● WHAT YOU WILL DO: No pictures, no extra lines: copy exactly from the line with "The ring has" through the end of the entries.

● DATASET ENTRIES:
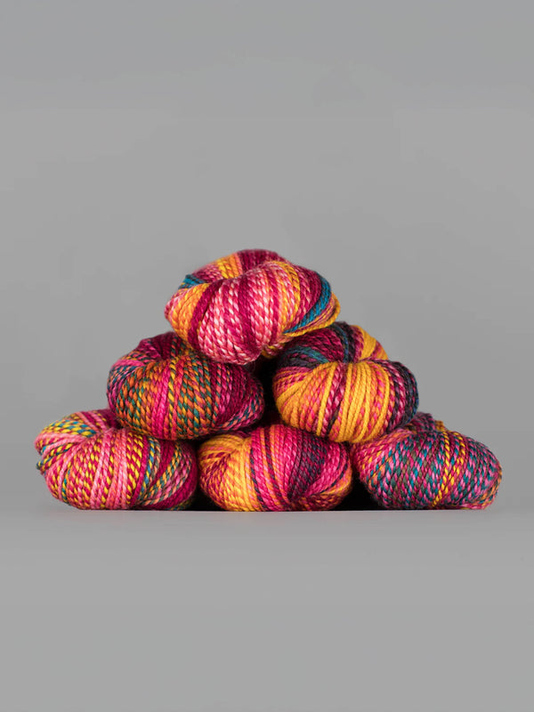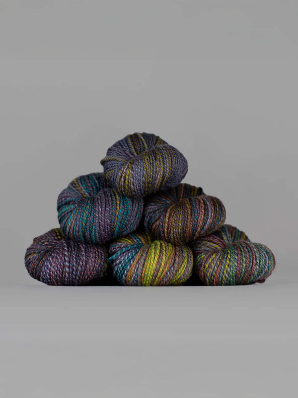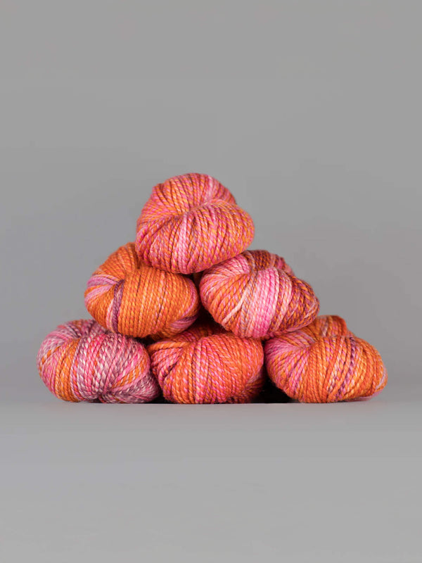 Dyed in the Wool de Spincycle Yarns est un fil fin de grosseur 2 (ou « sport ») soigneusement confectionné, connu pour son effet dégradé et ses transitions de couleurs envoûtantes. Doux, durable et source d'inspiration inépuisable, il est parfait pour tout projet, des pulls douillets aux accessoires audacieux.
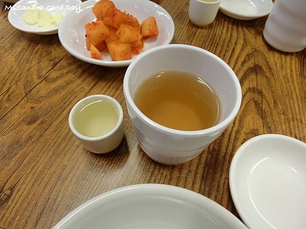點完餐之後店家會送上一杯小小杯的蔘酒(左邊那杯)
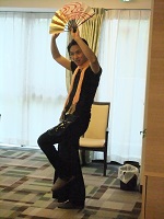 華やかな扇を持って、軽やかに舞うように動きながら
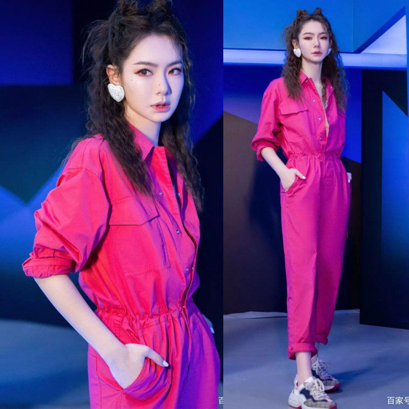 Serious quacks Qi Wei same waist long-sleeved jumpsuit Western style overalls loose casual pants female spring and autumn
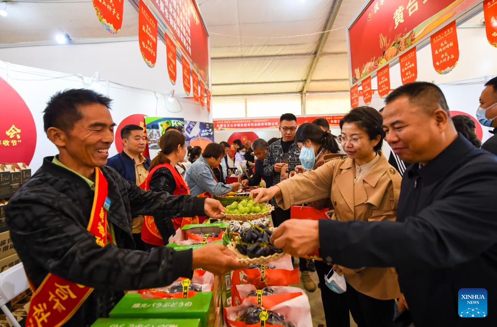 Visitors taste grapes during an activity celebrating the upcoming Chinese farmers' harvest festival in Hohhot, north China's Inner Mongolia Autonomous Region, Sept. 19, 2022. Initiated in 2018, the Chinese farmers' harvest festival coincides with the autumnal equinox each year, which is one of the 24 solar terms of the Chinese lunar calendar and usually falls between Sept. 22 and 24 during the country's agricultural harvest season. (Xinhua/Peng Yuan)
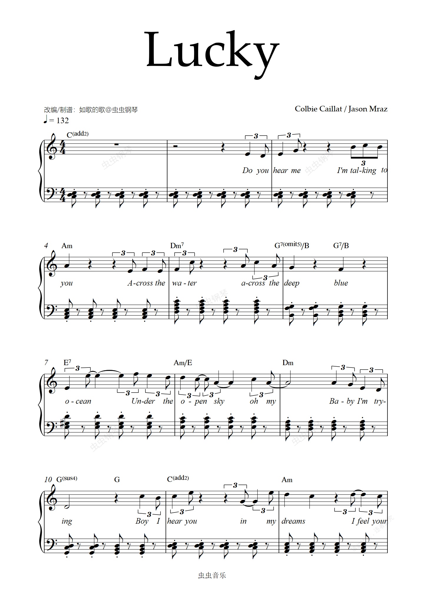 钢琴谱:Lucky-Colbie Caillat/Jason Mraz可弹唱
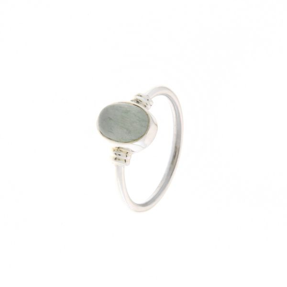 The ring has a cabouchon cut gemstone. The gemstone has an oval shape with a size of 8 x 6 mm.
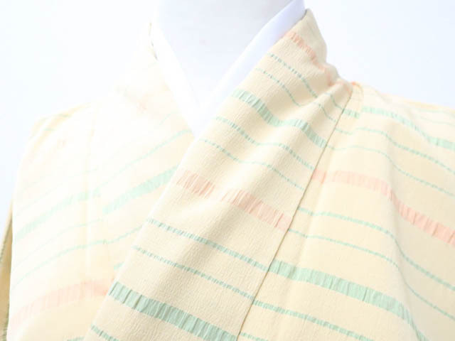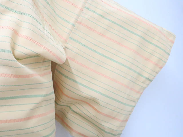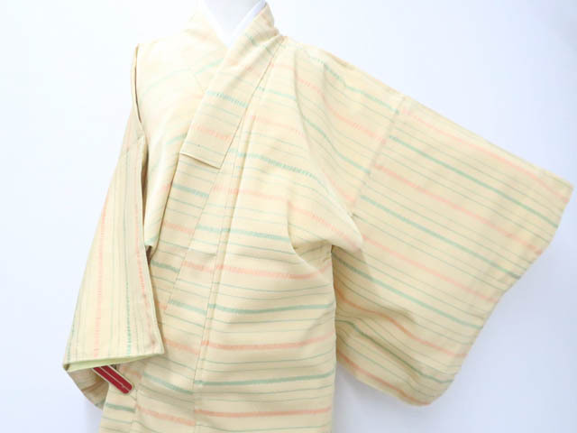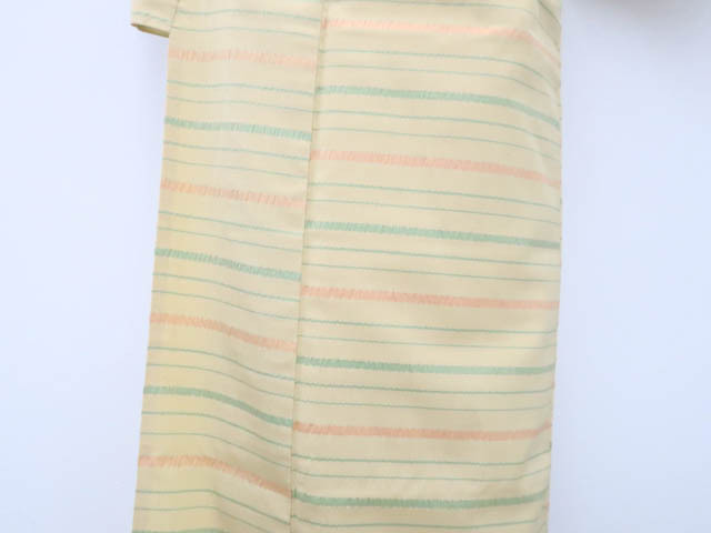 リサイクル商品のため、衿と衿裏に薄汚れがございます。 表所々と袖口に汚れがございますが着用可能なお品です。 地色はくすみ黄です。 1枚目の画像が近いお色かと思われます。 素材は正絹です。 |

● REPLY TO THE EXERCISE:
 The ring has a cabouchon cut gemstone. The gemstone has an oval shape with a size of 8 x 6 mm.
 リサイクル商品のため、衿と衿裏に薄汚れがございます。 表所々と袖口に汚れがございますが着用可能なお品です。 地色はくすみ黄です。 1枚目の画像が近いお色かと思われます。 素材は正絹です。 |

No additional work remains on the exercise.